Your output should be the lines below from the one with "All of our beloved" through the one with "ふんわり広がる泡がクリーム状", copied exactly, pictures excluded.

═══ SUPPLIED DATA

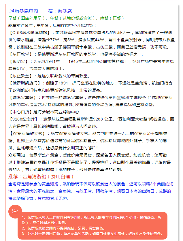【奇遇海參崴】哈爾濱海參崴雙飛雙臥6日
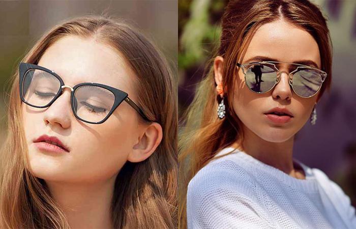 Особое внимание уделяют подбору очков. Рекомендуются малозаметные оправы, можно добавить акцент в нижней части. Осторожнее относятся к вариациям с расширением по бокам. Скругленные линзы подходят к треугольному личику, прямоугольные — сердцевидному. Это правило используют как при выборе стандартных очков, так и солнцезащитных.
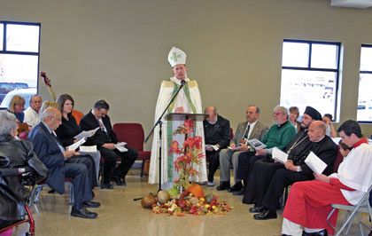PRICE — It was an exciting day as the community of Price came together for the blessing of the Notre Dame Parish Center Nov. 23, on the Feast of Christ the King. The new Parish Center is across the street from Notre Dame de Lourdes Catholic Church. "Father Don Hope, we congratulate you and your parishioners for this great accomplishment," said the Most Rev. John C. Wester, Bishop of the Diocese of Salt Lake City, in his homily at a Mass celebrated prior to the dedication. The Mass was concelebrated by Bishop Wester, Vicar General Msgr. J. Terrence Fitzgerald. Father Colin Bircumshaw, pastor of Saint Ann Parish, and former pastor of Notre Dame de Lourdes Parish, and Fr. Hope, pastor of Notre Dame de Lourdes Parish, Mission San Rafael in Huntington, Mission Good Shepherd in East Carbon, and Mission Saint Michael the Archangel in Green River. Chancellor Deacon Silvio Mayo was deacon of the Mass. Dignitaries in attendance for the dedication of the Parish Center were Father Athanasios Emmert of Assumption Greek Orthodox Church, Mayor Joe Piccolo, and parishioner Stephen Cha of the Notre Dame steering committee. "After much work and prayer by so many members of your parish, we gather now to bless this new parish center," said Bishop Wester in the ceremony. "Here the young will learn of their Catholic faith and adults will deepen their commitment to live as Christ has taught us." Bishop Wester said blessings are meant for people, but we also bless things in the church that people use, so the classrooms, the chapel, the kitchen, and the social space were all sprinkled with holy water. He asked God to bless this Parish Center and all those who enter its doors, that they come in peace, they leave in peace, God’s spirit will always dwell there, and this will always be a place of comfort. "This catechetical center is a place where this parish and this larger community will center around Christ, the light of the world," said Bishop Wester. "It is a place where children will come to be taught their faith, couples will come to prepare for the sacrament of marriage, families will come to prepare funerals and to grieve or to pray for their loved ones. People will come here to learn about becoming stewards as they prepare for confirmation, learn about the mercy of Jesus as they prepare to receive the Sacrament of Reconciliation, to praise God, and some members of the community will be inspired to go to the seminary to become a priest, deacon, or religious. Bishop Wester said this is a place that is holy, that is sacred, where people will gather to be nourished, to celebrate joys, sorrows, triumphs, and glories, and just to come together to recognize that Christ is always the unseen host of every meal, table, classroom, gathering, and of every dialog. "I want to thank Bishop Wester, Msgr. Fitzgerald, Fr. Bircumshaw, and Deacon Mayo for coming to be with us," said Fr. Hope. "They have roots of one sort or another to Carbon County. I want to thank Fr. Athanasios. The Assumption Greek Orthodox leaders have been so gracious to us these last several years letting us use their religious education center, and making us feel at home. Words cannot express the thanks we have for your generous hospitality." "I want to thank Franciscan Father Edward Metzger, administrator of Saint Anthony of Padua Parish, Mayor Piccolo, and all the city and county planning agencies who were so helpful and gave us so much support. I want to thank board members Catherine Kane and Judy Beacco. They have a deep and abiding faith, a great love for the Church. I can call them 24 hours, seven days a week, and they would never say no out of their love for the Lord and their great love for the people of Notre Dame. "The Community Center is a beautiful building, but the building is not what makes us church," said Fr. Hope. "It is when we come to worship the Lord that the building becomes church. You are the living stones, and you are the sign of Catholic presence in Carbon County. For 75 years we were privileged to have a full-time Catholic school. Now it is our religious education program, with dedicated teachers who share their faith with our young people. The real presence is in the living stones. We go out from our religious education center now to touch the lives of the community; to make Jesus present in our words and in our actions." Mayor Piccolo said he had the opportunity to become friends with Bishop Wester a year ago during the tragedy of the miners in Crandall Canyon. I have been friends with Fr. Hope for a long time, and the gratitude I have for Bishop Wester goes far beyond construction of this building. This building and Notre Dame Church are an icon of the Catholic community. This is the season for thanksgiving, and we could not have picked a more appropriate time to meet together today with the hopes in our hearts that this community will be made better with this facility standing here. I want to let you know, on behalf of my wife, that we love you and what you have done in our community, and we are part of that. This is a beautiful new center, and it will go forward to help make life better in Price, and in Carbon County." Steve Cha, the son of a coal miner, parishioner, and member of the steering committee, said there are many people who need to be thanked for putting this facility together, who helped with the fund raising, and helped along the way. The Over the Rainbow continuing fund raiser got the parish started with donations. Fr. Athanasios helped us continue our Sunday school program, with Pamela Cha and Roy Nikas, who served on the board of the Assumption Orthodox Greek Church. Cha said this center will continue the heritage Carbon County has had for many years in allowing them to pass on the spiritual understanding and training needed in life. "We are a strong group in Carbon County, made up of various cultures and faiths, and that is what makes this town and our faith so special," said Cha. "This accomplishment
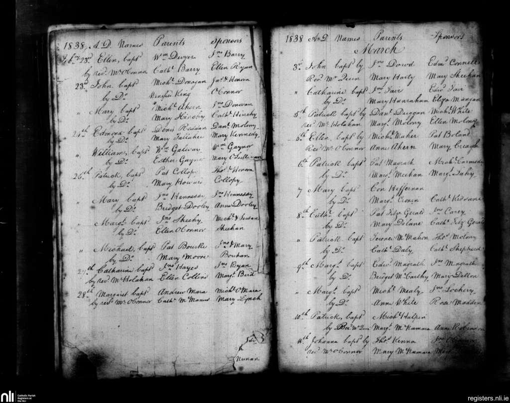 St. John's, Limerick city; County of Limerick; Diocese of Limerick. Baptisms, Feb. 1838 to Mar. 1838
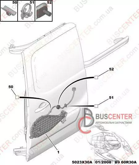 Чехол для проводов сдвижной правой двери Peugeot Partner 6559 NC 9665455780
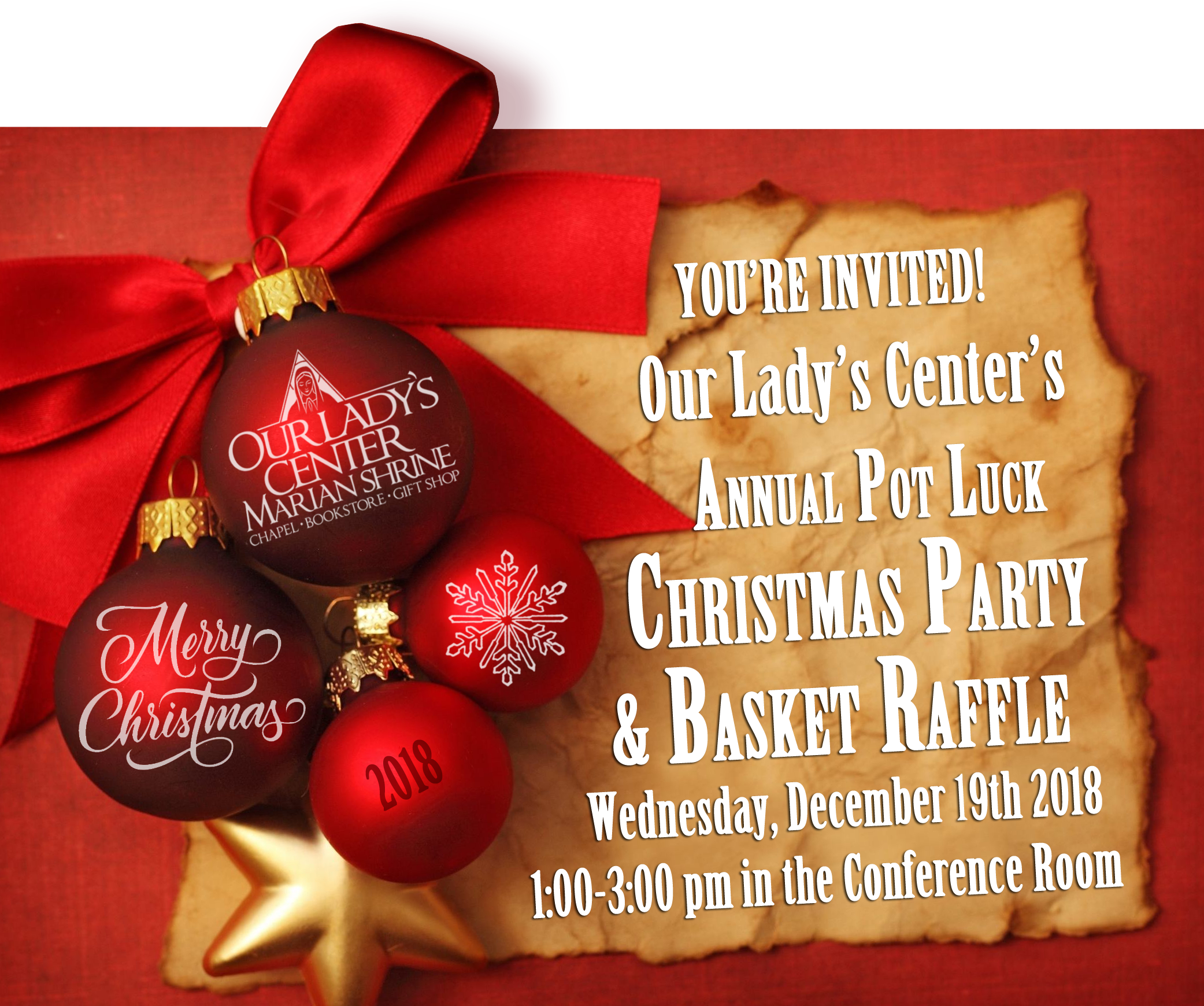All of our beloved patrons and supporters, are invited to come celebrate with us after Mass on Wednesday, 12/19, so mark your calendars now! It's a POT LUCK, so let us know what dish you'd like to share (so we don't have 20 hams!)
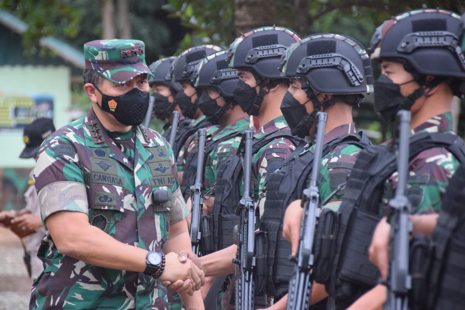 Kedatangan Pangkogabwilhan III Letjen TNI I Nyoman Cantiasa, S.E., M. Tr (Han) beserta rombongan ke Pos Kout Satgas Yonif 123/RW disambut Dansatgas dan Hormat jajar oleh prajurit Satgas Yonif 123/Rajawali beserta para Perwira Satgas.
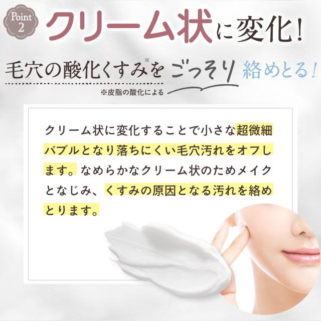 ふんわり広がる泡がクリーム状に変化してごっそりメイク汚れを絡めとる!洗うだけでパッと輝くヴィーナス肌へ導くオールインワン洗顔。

══════
═══ SUPPLIED DATA

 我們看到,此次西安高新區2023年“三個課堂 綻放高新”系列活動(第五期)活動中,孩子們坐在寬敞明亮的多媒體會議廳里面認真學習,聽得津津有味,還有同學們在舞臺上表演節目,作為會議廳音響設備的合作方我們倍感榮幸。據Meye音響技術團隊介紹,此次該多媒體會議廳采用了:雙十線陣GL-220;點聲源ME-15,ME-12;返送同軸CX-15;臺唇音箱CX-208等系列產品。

══════

*TASK RESULT*
All of our beloved patrons and supporters, are invited to come celebrate with us after Mass on Wednesday, 12/19, so mark your calendars now! It's a POT LUCK, so let us know what dish you'd like to share (so we don't have 20 hams!)
 Kedatangan Pangkogabwilhan III Letjen TNI I Nyoman Cantiasa, S.E., M. Tr (Han) beserta rombongan ke Pos Kout Satgas Yonif 123/RW disambut Dansatgas dan Hormat jajar oleh prajurit Satgas Yonif 123/Rajawali beserta para Perwira Satgas.
 ふんわり広がる泡がクリーム状に変化してごっそりメイク汚れを絡めとる!洗うだけでパッと輝くヴィーナス肌へ導くオールインワン洗顔。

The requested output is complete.